You keep posting links that you think prove your point but they really don't.

Do I think Carney is the best Canada deserves? Absolutely not

Do I think he's the man that's gonna keep our country afloat during this trade war and stand up to the orange buffoon? Absolutely.

[–] [email protected] 1 points 3 weeks ago* (last edited 3 weeks ago)
  1. The state of the housing market has nothing to do with immigration and those who want you to believe it has wants you to be mad at a scapegoat so that you won't look at the real issues.

Alright well, that's just silly. Even the Bank of Canada admits its inflated housing.

Carney never said a single thing against mass immigration until Trudeau did, and it was only after the polls turned deeply negative for the Liberals. The Liberals didn't care at all until their polls suffered, even though they ran on fixing housing every single election.

It was done to invert the Phillips curve and prevent a wage price spiral, at the expense of the poor and renters, so I actually assume Carney told him to do it.

[–] [email protected] 4 points 3 weeks ago

where does it say that in the link you posted? looks like just another think tank

[–] [email protected] 6 points 3 weeks ago (1 children)

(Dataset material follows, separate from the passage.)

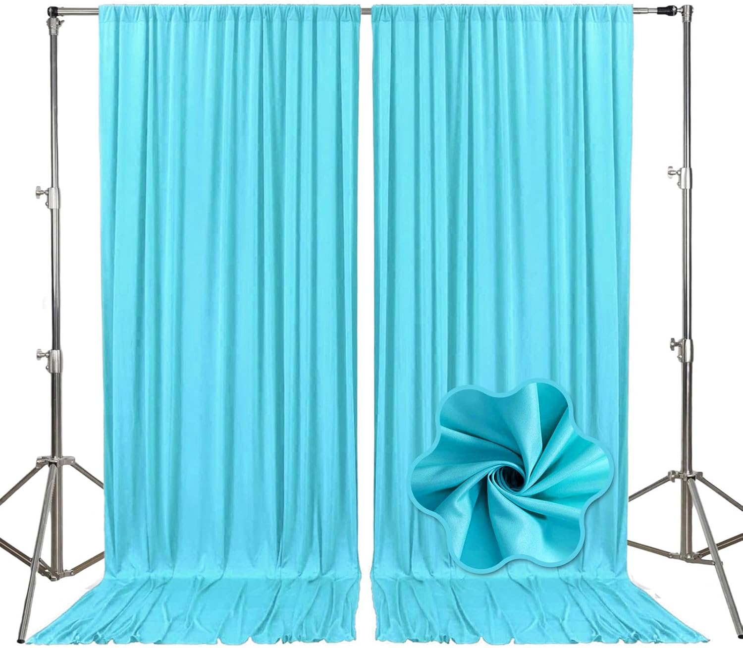 • 【Package Include】Each pack contains 2 panels of fabric shiny satin backdrop curtains. Each backdrop measures 10 feet x 10 feet (60 inches x 120 inches). There is a rod pocket designed on the top of the curtain, allowing you to easily hang it on a pipe or background stand. Tips: ONLY the backdrop curtains, no include a stand.

Oh. I'm sorry. I guess then pay attention as to how trump's story goes. I don't know now how it's going to go. I hope to be dead by then.

[–] [email protected] 2 points 3 weeks ago* (last edited 3 weeks ago)

Id guess it knocks over Canada's housing bubble they built, and we have a lost decade like Japan due to trillions in misallocated capital.

Its mainly full recourse loans as well, its incredibly irresponsible to do mass immigration and stoke demand to distort the market. Its almost like they wilfully broke our country to push climate policy, I can't see any other way to explain it.